Intra-SM opportunistic computing takes advantage of per SM data locality and performs future computations when data is available. If the prediction is not successful, an SM still needs to fetch the data from the L2 cache. Since each SM still keeps a copy of the data and is ignorant of other SMs' data locality, there still exists a lot of duplicate data in SMs and leads to redundant data movement. If we can share the data among the SMs, then we can not only reduce data movement but also improve each SM's L1 cache effective capacity. This motivates us to propose a second technique called inter-SM opportunistic

near data computing. We organize all the SMs into several clusters (similar to the AMD's GPU cluster) and we move computation to an SM that has the data located in its L1 cache within each cluster.

Figure 4 shows our cluster-based inter-SM opportunistic near data computing architecture. Inside each cluster, we build a lookup table to manage the mapping of a computation to an SM called Computation Assignment Table (Assign Table). Each entry of this table is indexed by the address of a computing cache block pair. The content of each entry is a id of an SM inside the cluster. For example, an entry indexed by (A, B) with a value of 3 means that currently SM 3 has both cache blocks and computation from other SMs can be moved to SM 3 for near data computing. When an SM performs computation and encounters a stall due to data miss, that SM first checks if the table has an existing entry indexed by the two cache blocks involved in the computation. If there is no such an entry, then the SM loads the missing cache block from the L2 cache and creates a new entry in the Assign Table. We update the table with changes in cache block replacements. If a cache block is replaced from an SM's L1, then we search the table and remove all entries related with this cache block address. To reduce area overhead and search latency, we limit the table size to be 512 entries.

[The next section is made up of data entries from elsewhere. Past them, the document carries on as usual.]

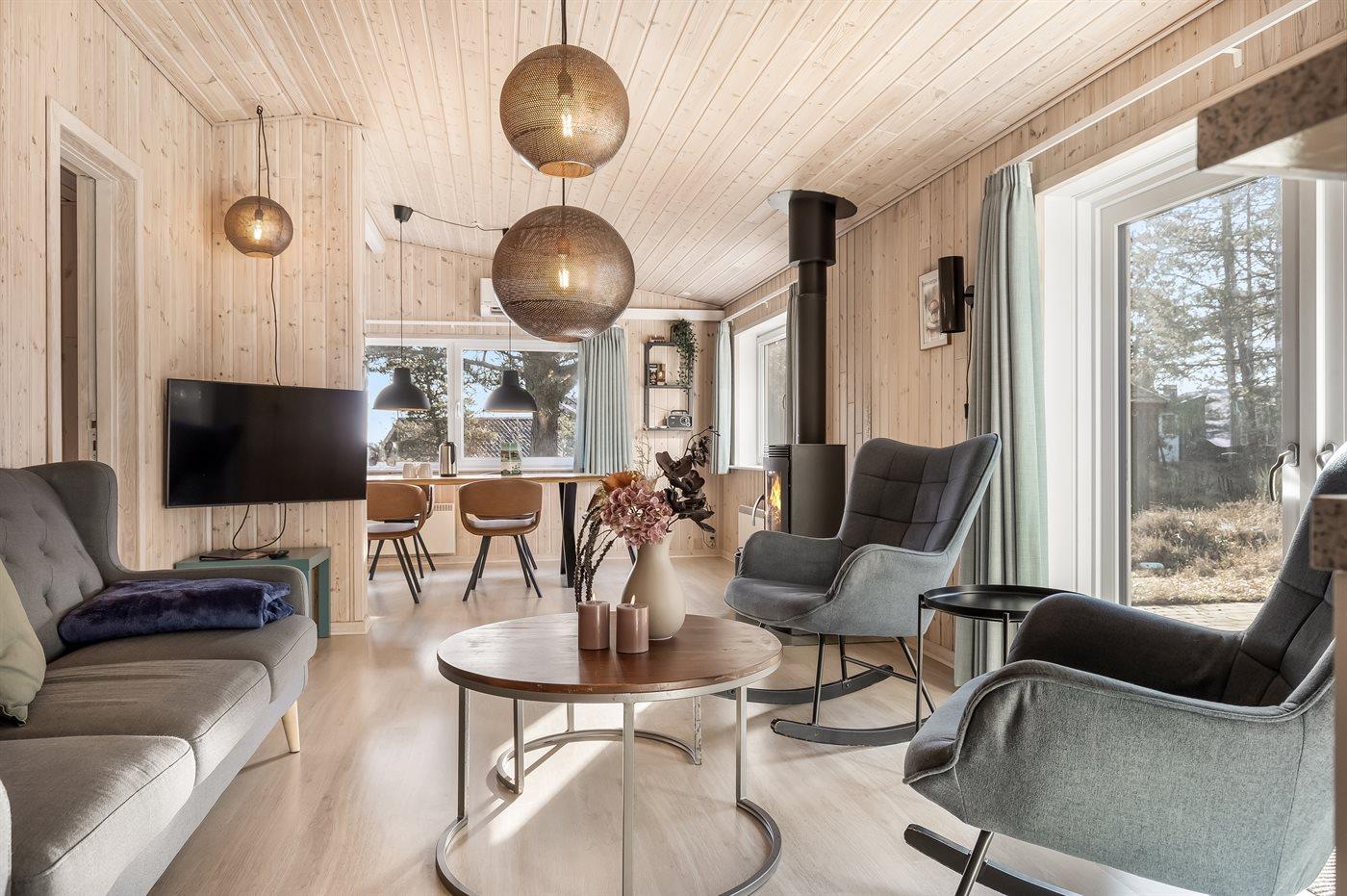 Sommerhuset egner sig til 5 personer samt 1 barn op til 3 år. Ferieboligen er på 107 m² og er bygget i 1952. I 2011 gennemgik ferieboligen en delvis renovering. Det er tilladt at medbringe 1 husdyr. Ferieboligen er udstyret med 1 energibesparende luft til luft varmepumpe. Ferieboligen har vaskemaskine. Tørretumbler. Frysekapacitet på 84 liter. Der er desuden brændeovn. Til de små er der 1 stk. barnestol.
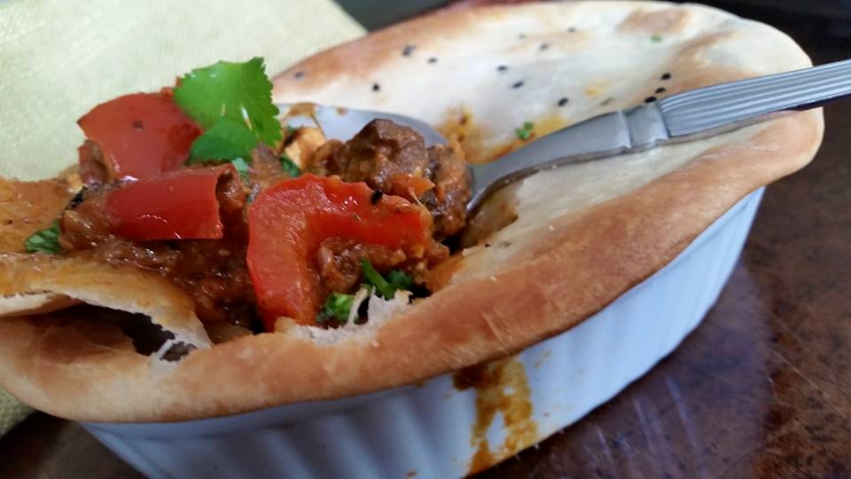 Well, I have been thinking of making potpie for a while now. I came up with an Indian version of a mini potpie. The filling is mix vegetables and paneer tikka masala and the crust is made from naan dough.
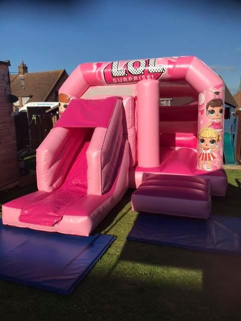 This Bouncy Castle is a must have at any party and will make your little princess dreams come true. The LOL Front Slide Bouncy Castle is only 9ft 3 in height which will fit in most halls. The measurements are 18ft length x 14ft width so will also fit in most small gardens.
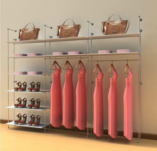 קיט צינור 12 ל 10 מדפי זכוכית או עץ ו 2 מסילות תלייה 90 ס"מ – חיבור קיר רצפה
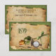This bygone era inspired vintage RSVP card has PRINTED embellishments of a dried yellow rose, a small green satin bow, and an old pocket watch sitting on a stack of old love letters with faded calligraphy writing and torn and burnt edges on them on a distressed LOOK crackled olive green paint background that matches the wedding invitation shown below. It is shown here on basic paper, but would also look nice on the linen, felt, or metallic in champagne or ice. Some of the papers will alter the colour of the design, so use caution if you choose the felt paper, as it may yellow the look more than you want. I would NOT use the gold or silver metallic papers. ALSO, if you re-size the invitation, or if you change fonts, or the size of the font, some of the design and/or text may get cut-off. Everything will print as you see it on your monitor. I will not see your invitation, and Zazzle will NOT correct anything (typos, mis-alignment etc.). The text and paper is all customizable. If you need help with this card, please email me BEFORE you place your order. If you require any other matching items, please email your request to niteowlstudio@gmail.com.
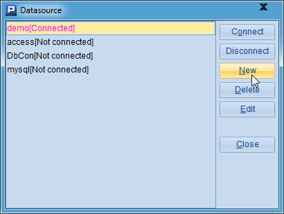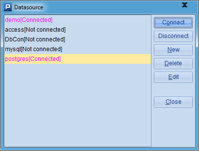 1. 在Tool菜单项中,点击数据源连接Datasource connection打开数据源管理器;
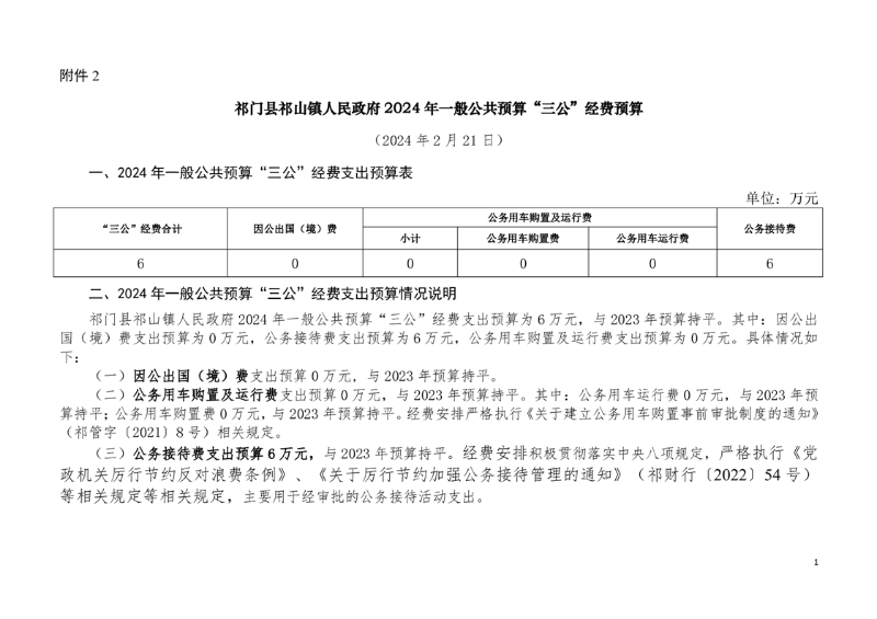 祁门县祁山镇人民政府2024年一般公共预算“三公”经费预算
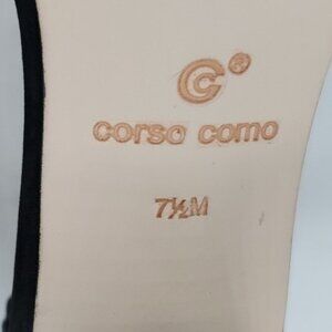 Up for Consideration is a pair of Women's Corso Como Louisa Black Suede Leather Ankle Strap Sandal Heel Work Party Core in Size 7.5 M (US) 38 (EUR). They are Gently Pre-Loved and may show Light Wear or Scuffs from Normal Use, Storage or Shipping. Appear to have been Worn Minimally ~ REFER TO ALL PICS. MAY NEED TO ZOOM IN ON PICS. * No Box or Cloth Shoe Bag Available. Pictures are of Acual Item and also part of Description.
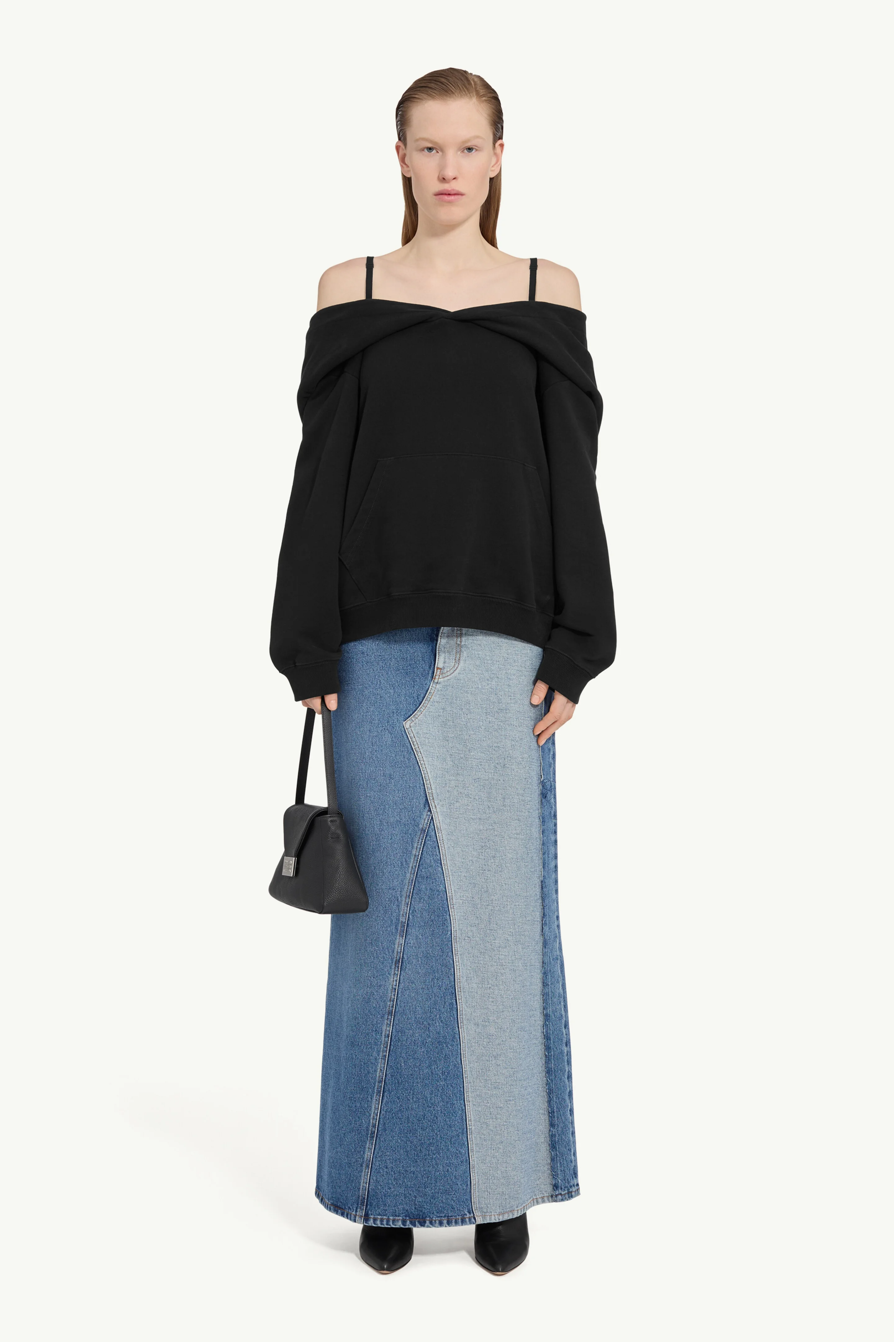 A radical reinterpretation of the classic hooded sweatshirt, this piece deconstructs loungewear with an off-shoulder silhouette. The oversized hood transforms into a draped neckline, offering multiple styling possibilities, while ribbed trims anchor the fluidity. Finished with MM6’s signature white stitch line at the back. Product Details Item ID S52GU0244M25014900 Primary fabric: 100% Cotton Off-shoulder sweatshirt with a hood Off-shoulder neckline with collar Long sleeves with ribbed cuffs Kangaroo front pocket Ribbed hemline details Large attached hood at the back Visible stitching on seams White stitch line at the back Made in Italy Model is 180 cm tall and wears a size M.
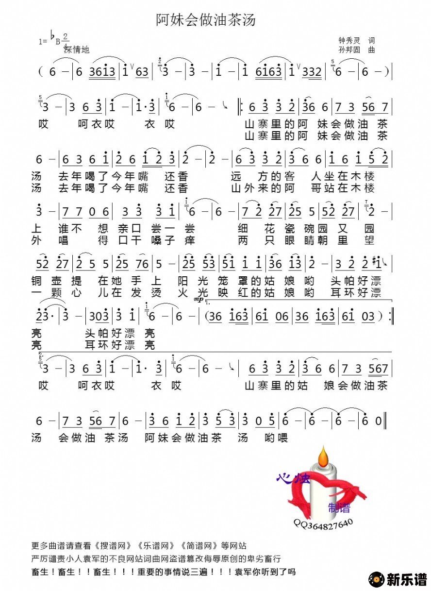《阿妹会做油茶汤》简谱 佚名-心烛制谱
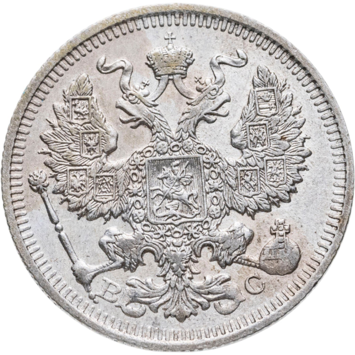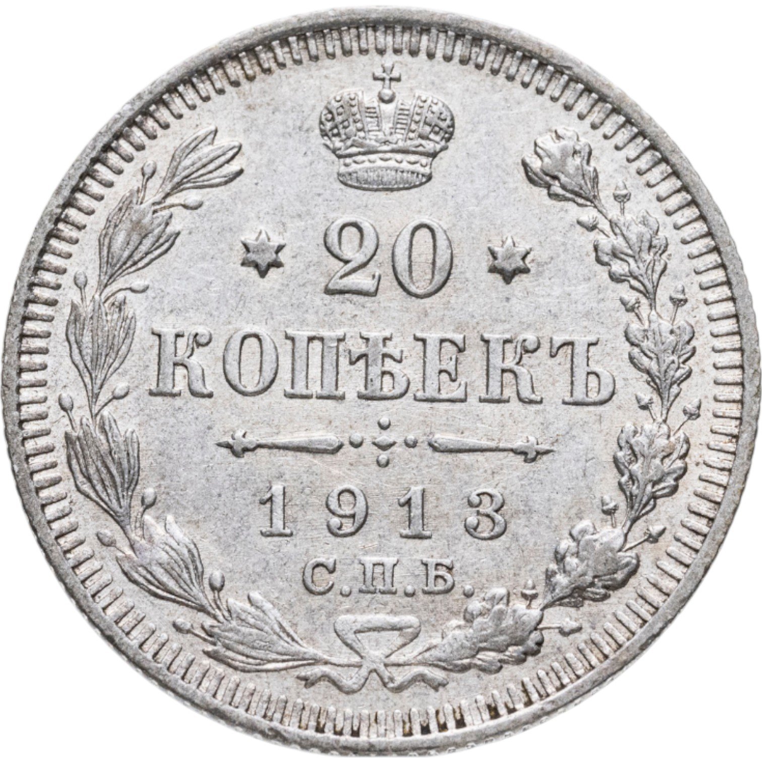 В центре указан номинал - цифра «20», ограниченная с обеих сторон звездочками. Над цифрой – Корона Российской империи. Под цифрой номинала — слово "КОПЕЕК". Ниже, расположен декоративный разделитель в виде двух разнонаправленных фигурных линий и стилизованным из точек крестом между ними. Под разделителем — дата выпуска монеты «1913». Под цифрой даты — обозначение монетного двора «С.П.Б.». Вдоль канта, не доходя до короны, изображен венок из лавровой и дубовой ветвей, которые, в нижней части, перевязаны лентой на узел бантом. По окружности канта имеются рельефные элементы, выполненные в виде зубцов.
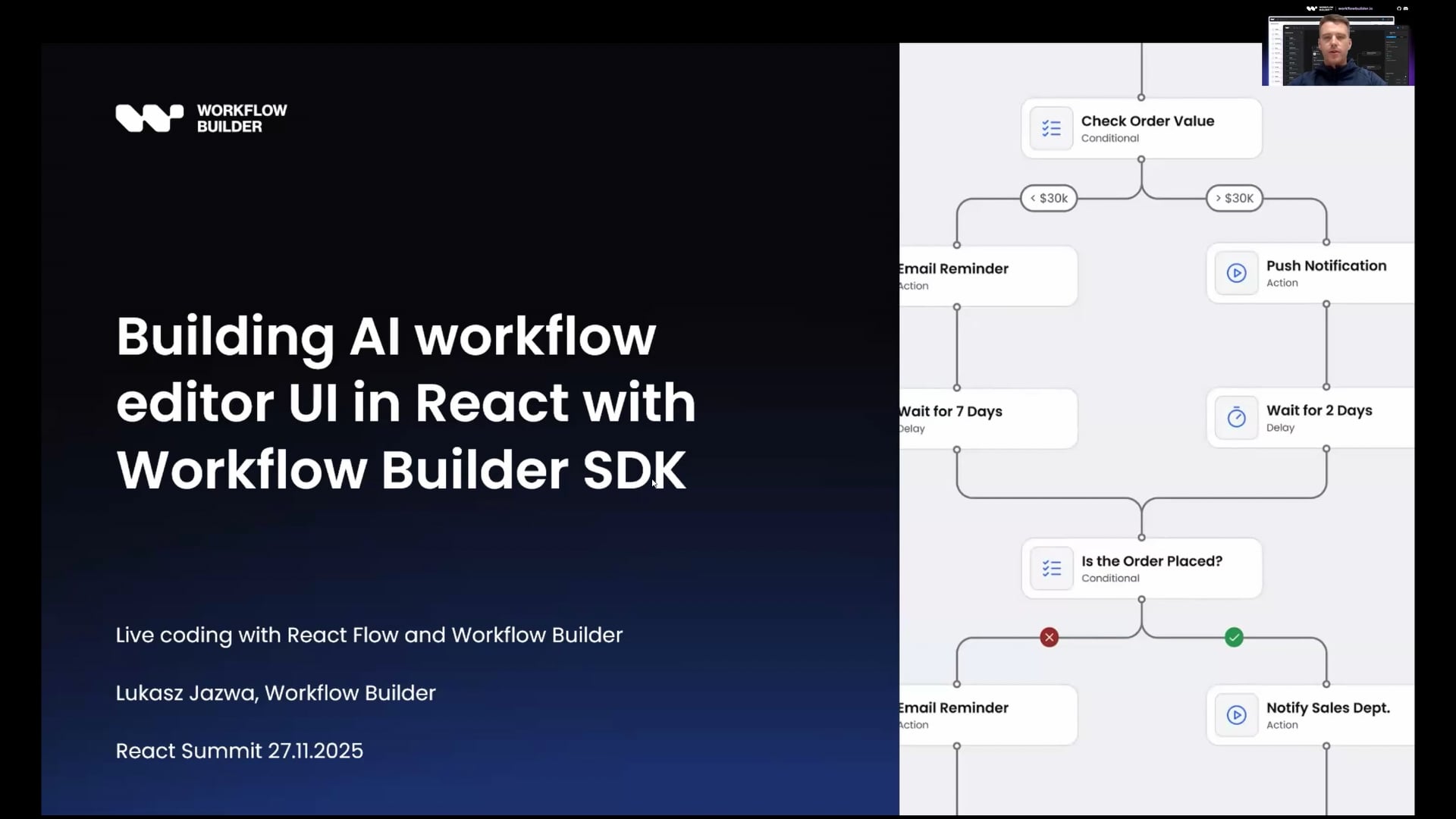 - Práctico: Workflow Builder SDK: Construir una interfaz de editor de flujo de trabajo de AI del mundo real usando nuestro SDK y la base de React Flow.
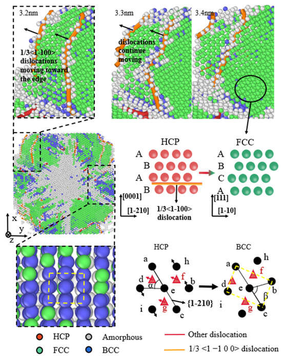 Moreover, the phase transformation during plastic deformation also has a significant effect on the mechanical performance of nanocomposites [14]. Currently, there have been a series of studies on the phase transition behavior during plastic deformation of nanoscale materials. Kou et al. [15] conducted in-situ tensile experiments on pure Ti to study its HCP–FCC phase transition behavior, and found that the mesoscopic sliding of the FCC–Ti phase through the phase boundary was accomplished by conservative gliding of the extended dislocations along the phase boundary. Zhang et al. [16] investigated the deformation mechanism of nano-twinned Al/Ti multilayers using in-situ microcolumn compression tests. They found that the high-density lamellar dislocations and the HCP–FCC phase transition in Ti caused a compressive strength of 2.4 GPa. The mechanism of the deformation-induced phase transition in Ti and the collective behavior of some dislocations were clarified using MD simulations. Zu et al. [17] investigated the effects of surface and orientation on the stress-induced HCP–FCC phase transition in Ti nanopillars by MD simulation and found that the surface and orientation effects were the nanoscale controlling factors for the unconventional phase transition from the HCP to the FCC structure [18]. Sun et al. [19] used the MD simulation to study the phase transition behavior of ultrathin Cu films under uniaxial tensile stress and found that, with the increase in stress, the Cu film underwent successive phase transitions, i.e., FCC to BCC and then BCC to HCP.
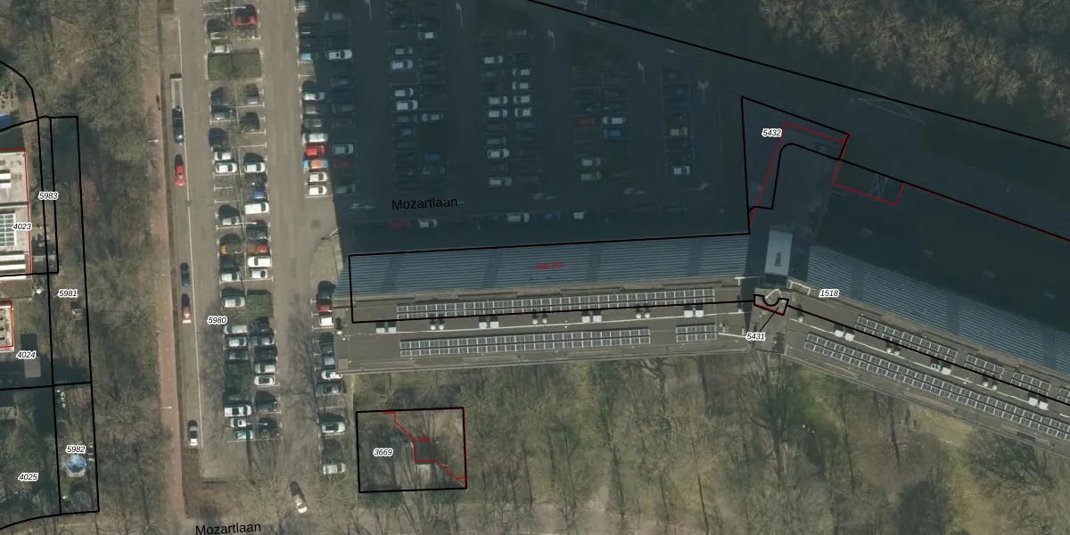Het perceel waarop Mozartlaan 411 staat heeft een oppervlakte van 3010 m². Dit is een zeer groot perceel. De perceeloppervlakte wordt geregistreerd door het Kadaster. Gedetailleerde informatie over de maten van dit perceel kunt u vinden in het rapport Kadastrale kaart met maatvoering van Mozartlaan 411.
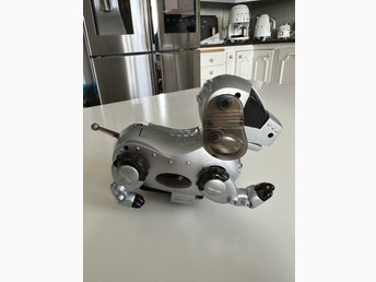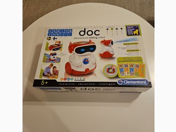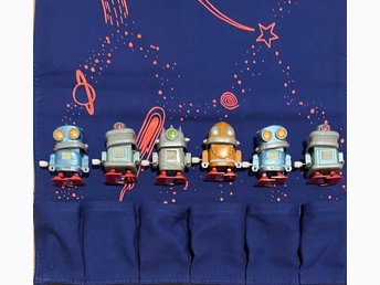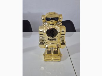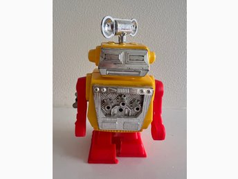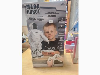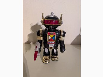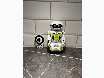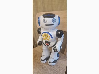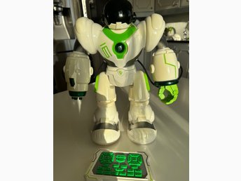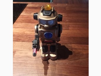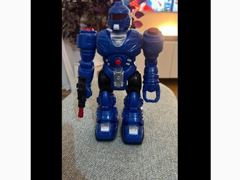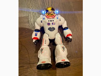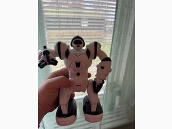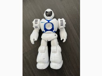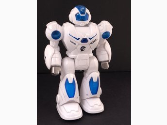 Leksaksrobot, 20 cm hög, vit med svarta och blå detaljer

For each SM, we perform not only assigned computations but also predict future computations. This is similar to the intra-SM scheme and the only difference is this time the computation is not from a thread scheduled to this SM but is instead moved from another SM. The SM that assigns its computation to another SM does not need to read the result back. Instead, it sends the output address to the assigned SM to finish the write back to memory directly. This is due to the characteristics of the MAC operations in DNNs where the computation result of multiplication will only be used by an accumulator which is implemented as an atom add operation at a memory location.

Next, we describe the overall workflow of the inter-SM scheme which is shown in Figure 4. Two SMs 0 and 1 are in the same cluster. SM 1 needs to perform computation between two cache blocks A and B and encounters a cache miss. Then SM 1 searches the Assign Table and finds that SM 0 has both cache blocks. Then SM 1 sends its input and output addresses to SM 0. SM 0 searches its computation results in the Precompute Table to see if this computation has been performed predictably. If not, a new entry will be added to the Precompute Table so the next assistant warp will perform the computation. At the same time, SM 0 will skip this load stall and continue with its other operations. The inter-SM can improve performance in three ways: (1) we perform predicted computation during normal SM stall similar to the intra-SM scheme; (2) we can greatly reduce data movement and schedule computation to where the data is located; and (3) duplicated data is reduced among L1 caches inside a cluster which will improve cache hit rate.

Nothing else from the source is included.